Despite those who criticize celebs like Zach Braff resorting to Kickstarter, there is a trickle-down effect where smaller projects get attention as well; this Friday marks the return of the Kickstarter Film Festivalcrowdfunding marketing

The crowdfunding site Kickstarter marks two major victories this Friday: the opening of Zach Braff’s film “Wish I Was Here” and the fourth Annual Kickstarter Film Festival in Brooklyn.

It would be hard to blame Braff if he feels a little vindication over both events.

Like every other film fan, he took notice last March when director Rob Thomas and actress Kristen Bell turned to the public, via Kickstarter, for help in funding their long-dormant “Veronica Mars” film. Thomas wound up with nearly $6 million, earning praise for ingenuity, breaking Kickstarter records, and shining a spotlight on a new way of making movies.crowdfunding advertising

A month later Braff tried the same thing, asking fans to finance his followup to 2004’s “Garden State” in exchange for a typical range of rewards (T-shirts, private screenings, an appearance in the movie). He made about $3 million, but the cash came with a heavy dose of resentment.

Director Kevin Smith spoke for many when he said that celebrity crowdfunding was “not fair to real indie filmmakers who need the help,” and Braff was forced to defend himself repeatedly.indiegogo marketing

As he pointed out, traditional film financing is a complex and tortuous process that too often takes freedom (and money) out of the hands of creators, assuming they can convince studios to invest in them in the first place.

Thanks to crowdfunding sites like Kickstarter and Indiegogo, though, artists no longer need to rely on corporate resources. Anyone can contribute to a Kickstarter campaign, helping to finance a project they think worthy.kickstarter marketing

By bringing so much attention to Kickstarter, he also brought in countless new investors. The company has referred repeatedly to “the blockbuster effect,” in which thousands of people have come to the site for high-profile projects like Braff’s, only to stay, look around, and support smaller efforts that desperately need their help.
As a result, the landscape is vastly more expansive than it was just a few years ago. And though his detractors would be loath to admit it, Braff can take some of the credit. While he absorbed a lot of heat for abusing an “indie” system, it’s fair to say that he actually strengthened it.kickstarter project

So far, more than 14,000 film and video projects have been successfully funded on Kickstarter, surely the start of a true revolution. Seven have been nominated for Oscars, while hundreds of others have premiered theatrically or at major festivals. There are Kickstarter-funded movie theaters, and Indiegogo-financed film fests. Spike Lee, James Franco and Don Cheadle are among the filmmakers who turned to crowdsourcing after Braff did.
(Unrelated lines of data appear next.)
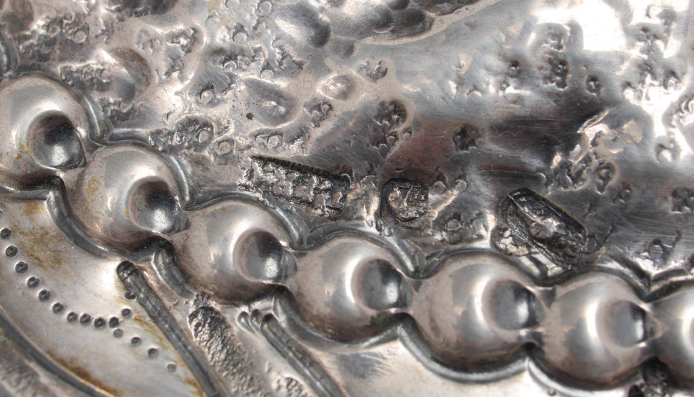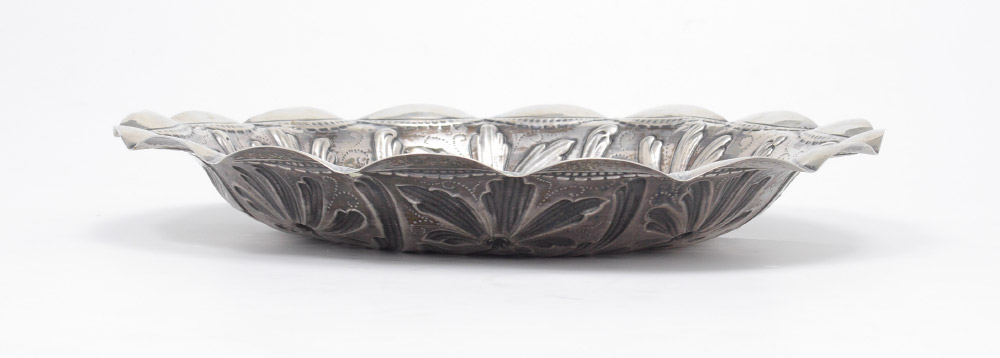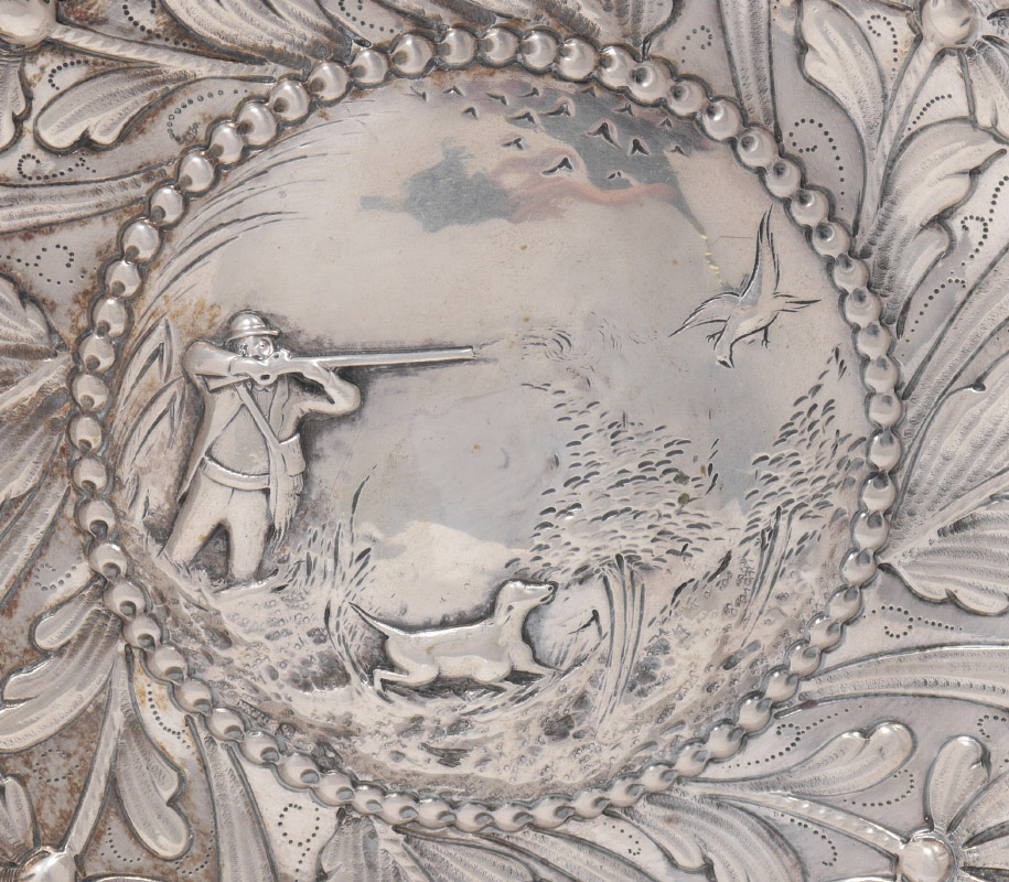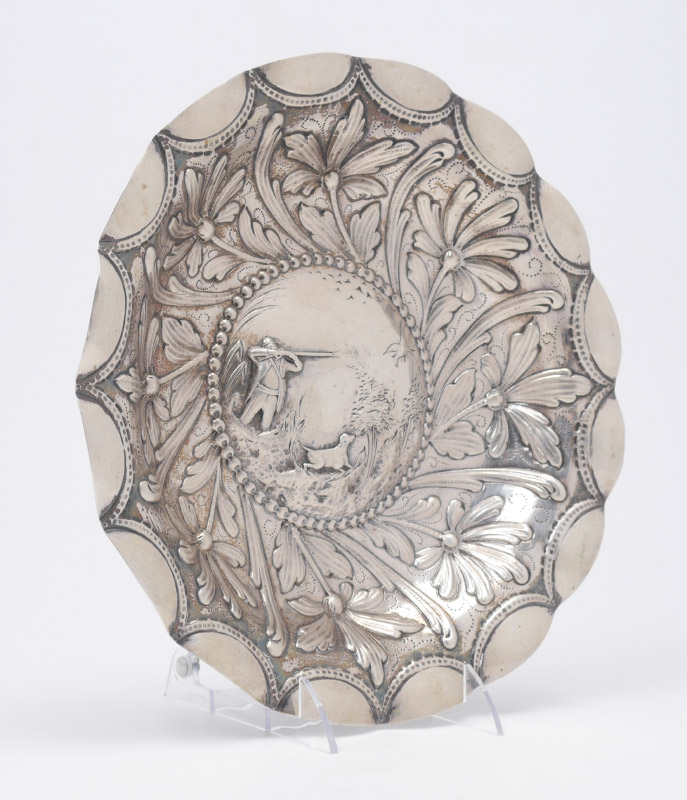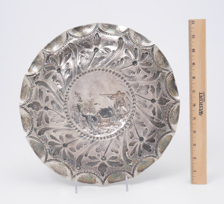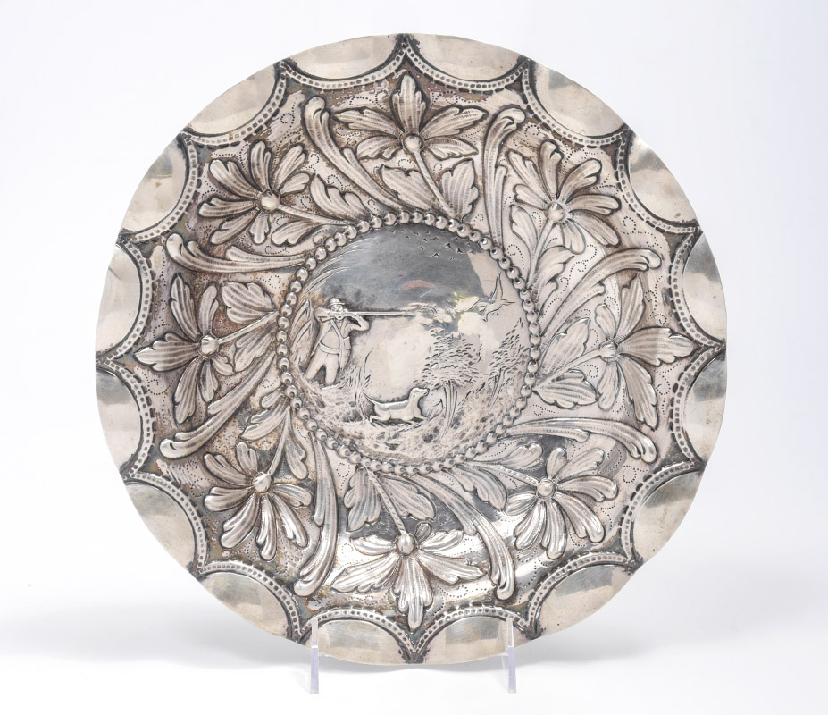 PORTUGESE STERLING EMBOSSED HUNTING SCENE BOWL: Scalloped rim over embossed floral motif, raised center medallion with scene of hunter and retriever. Overall measures 1 3/4'' h. x 12'' dia., approx. 16.3 troy oz.
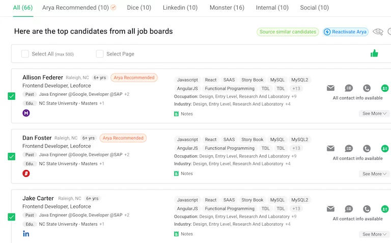 Arya AI quickly analyzes data from your own database, subscribed candidate sources, social sites, and more than 800 million profiles from 50+ professional sources to highlight the most compatible candidates. - See more compatible candidates
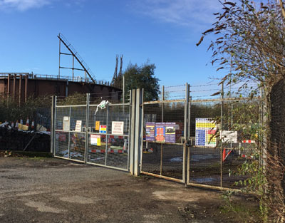 Eventually, by November, 2015, three new notices were fixed to the site gate which explained some of the history of the gasholder, and described the way in which its demolition would be carried out. Unfortunately the left hand notice was quickly vandalised and torn down. |
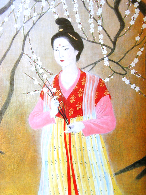1人目 楊容華、彼女は初唐の文壇四傑(王勃、廬照鄰、駱賓王、楊烱)の一人であった楊烱の姪であり、幼い時から詩文をよくした。ある時、楊烱は友人に容華が作った「鏡に向って朝の化粧をする」と題する詩を吟じたところ、その友から激賞された。ついで、楊烱は自分の詩数十首を吟じたところ、友は最初の詩に及ばないといったので、楊烱は冷や汗をかいた。この聡明な才女は女性たちのため大いに気を吐いたのであるが、残念なことに現在まで伝わっているのは僅かに次の一首だけである。
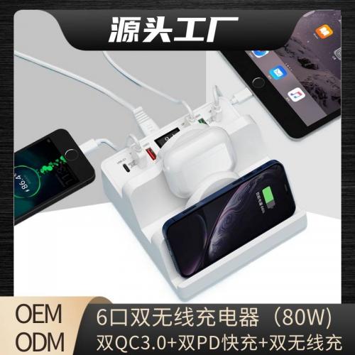 手机充电器 80W双无线充支架USB多口插座PD20W快充多功能充电器
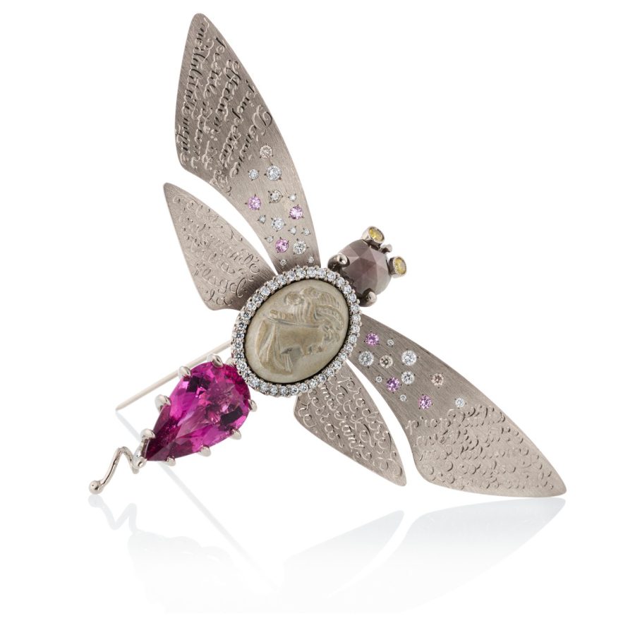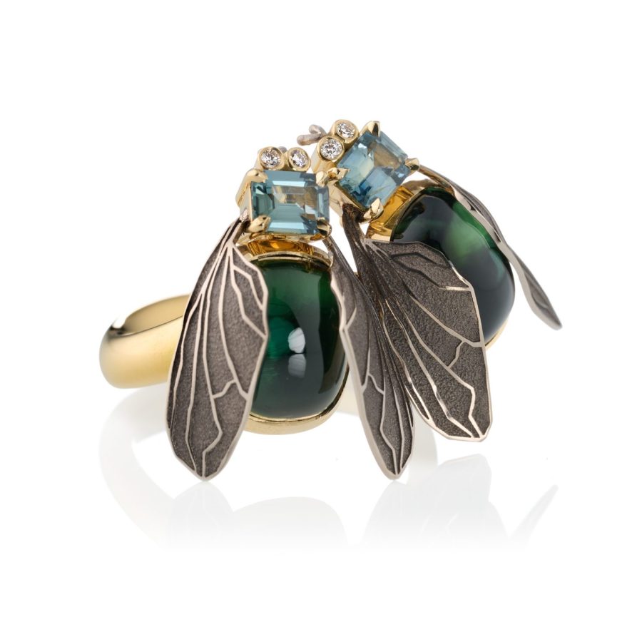 Jalokivet ovat kuin luotuja toistamaan hyönteismaailman sävyjä. Jalokivien kova kiilto ja viimeistellyt hionnat tuovat esiin hyönteisille tunnusomaisia pintoja ja värejä. Kulta ja platina korostavat kauniilla ja harkituilla elementeillään herkkiä ja linjakkaita muotoja, joita hyönteismaailmassa on loputtomasti. Kultasepän on helppo inspiroitua mikroskooppisen pienistä nivelistä, tuntosarvista, kennoista ja siipien ruodoista
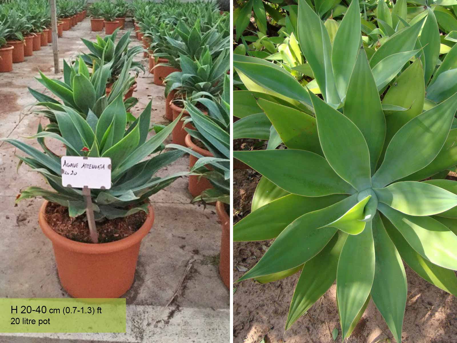 Genus of succulent, mostly native to the hot and dry regions of Mexico southern states of North America, now naturalised to the Mediterranean area. The leaves are arranged in a rosette. They are fleshy with a thorn at the tip and often sharply toothed at the edges. After many years it produces inflorescences of pale yellow, bell-shaped flowers at the end of extremely long stalks. Agave Attenuata – agave in the shape of a tree. Pale green leaves, without thorny edges. Large and striking curved yellow flower in adult plants.
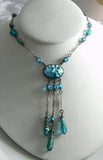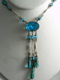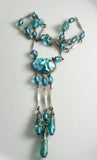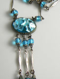 Vintage Art Deco Aqua Blue Foil Glass Drop Necklace Czech
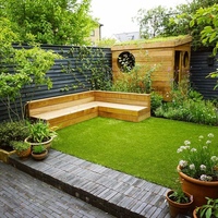 После монтажа газон нужно обильно поливать в течение недели. За это время травка хорошенько укоренится, а стыки между полосами станут незаметны. Использование рулонного газона позволяет создать очень красивый дизайн и превратить свой двор в настоящее произведение дизайнерского искусства (фото).
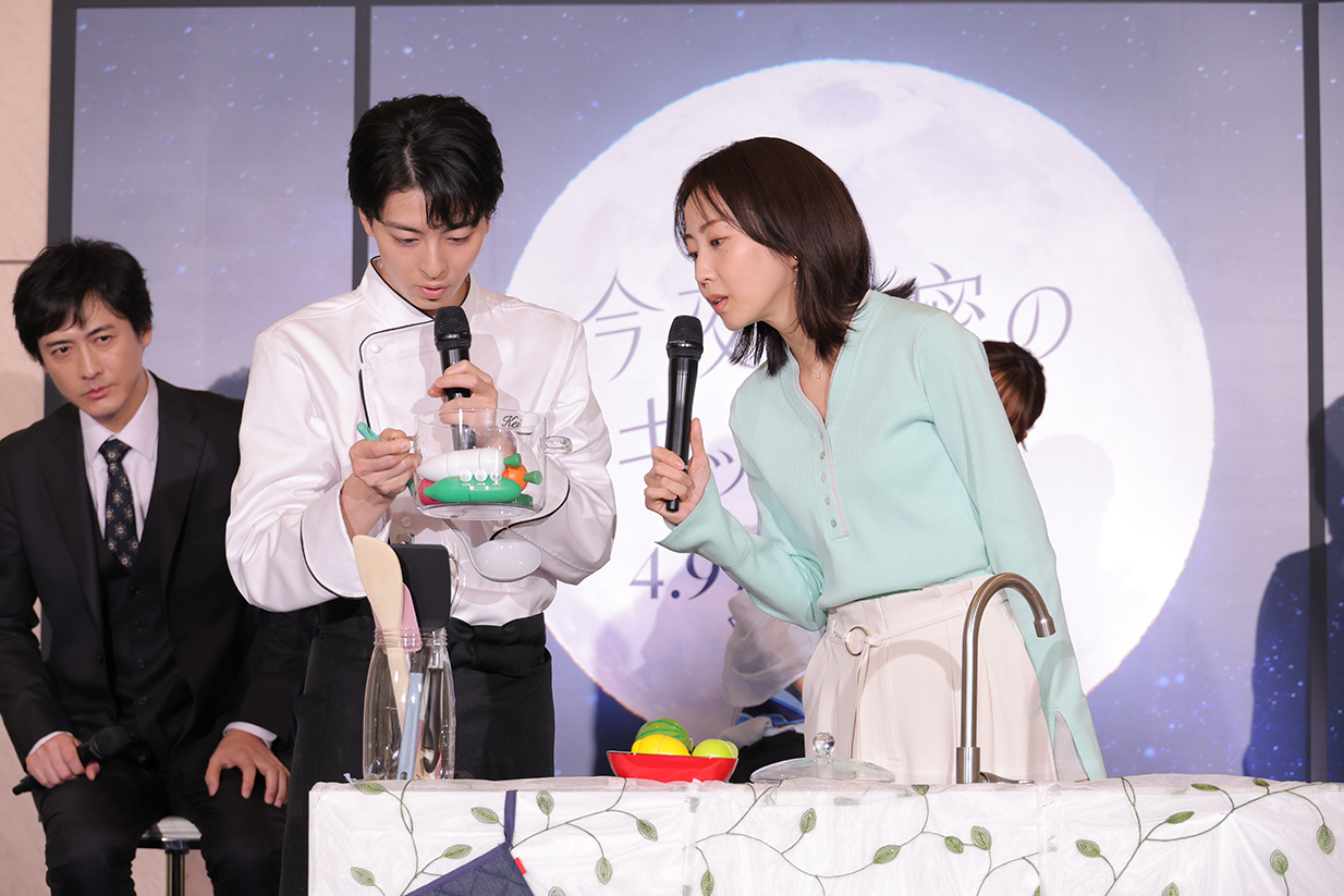 ある“秘密”とはいったい何なのか…?月夜のキッチンで恋に落ちていく大人のファンタジック・ラブストーリーの幕開けに、ますます期待が高まる制作発表となった。
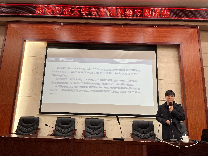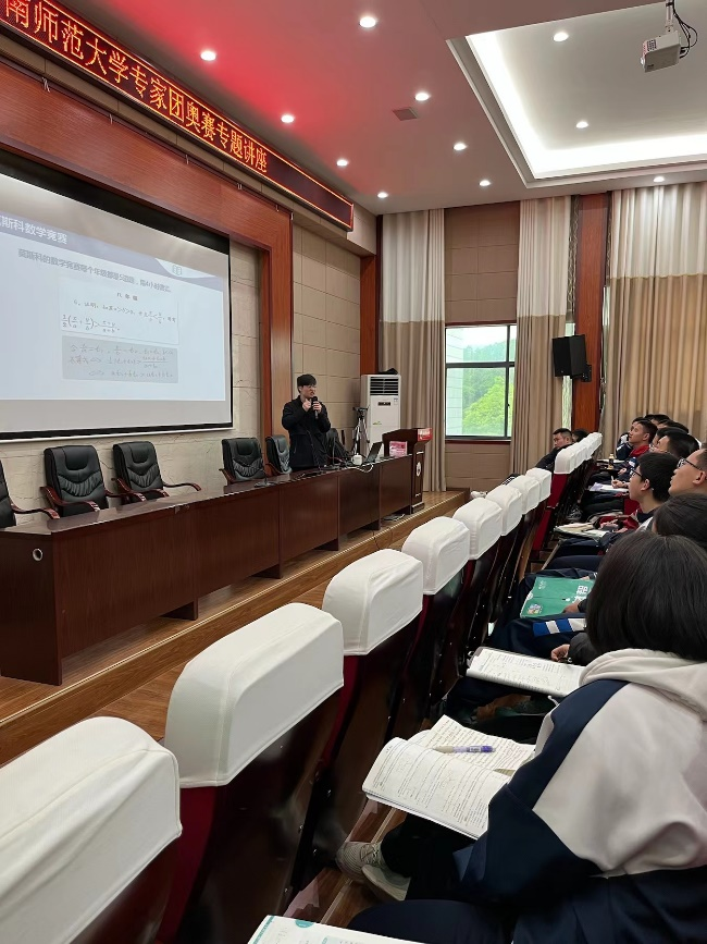 期间,蒋培杰和唐敏卫为三所高中学子做了《漫谈数学竞赛及思想方法》和《高中数学解题思维和相关方法》专题讲座。他们分别从“数学竞赛的来源”、“国际奥林匹克数学竞赛的发展”、“数学竞赛的解题方法”、“高中数学的解题思维”四个方面展开讲座,结合数学史上的著名数学家、高中数学竞赛中的经典题目以及常见的解题思路等内容做出了深入浅出的阐述,引导广大中员工积极思考、热爱数学,进而激发员工参与基础科学研究和科技创新的热情。
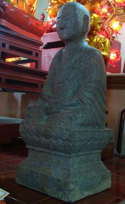 Sư thầy Thích Đàm Mơ dẫn tôi vào chánh điện chỉ một pho tượng lạ, rất cổ. Đó chính là pho tượng sư tổ Thủy Nguyệt, bằng đá nguyên khối, mà thầy cùng các đệ tử mới đào được khi khai quật hang động.

Surely it’s no coincidence that Friday marks both the release of “Wish I Was Here” and the annual Kickstarter Film Festival. The festival lineup, playing at Fort Greene Park from 7-11 p.m., offers an ideal glimpse of the wide-ranging options available to independent filmmakers now.CrowdFunding advertizing

The program include

s the well-reviewed “abortion comedy” “Obvious Child” and the award-winning documentary “Rich Hill.” There’s also the zombie comedy “Night of the Living Deb,” which boasts a charming Kickstarter fund-raising page worth checking out. “Walking Through That Door” is a music video from the band Future Islands; “Me & Ewe” is a stop-motion

Together, these films — short made by an 11-year-old girl; and the gorgeous “Wonder” was made from 8,760 pictures hand-drawn by director Mirai Mizue.CrowdFunding marketing

 and the 12 others in the festival, along with the hundreds currently available on iTunes — attracted thousands of backers, creating a community of strangers willing to help someone achieve his or her artistic goals one dollar at a time.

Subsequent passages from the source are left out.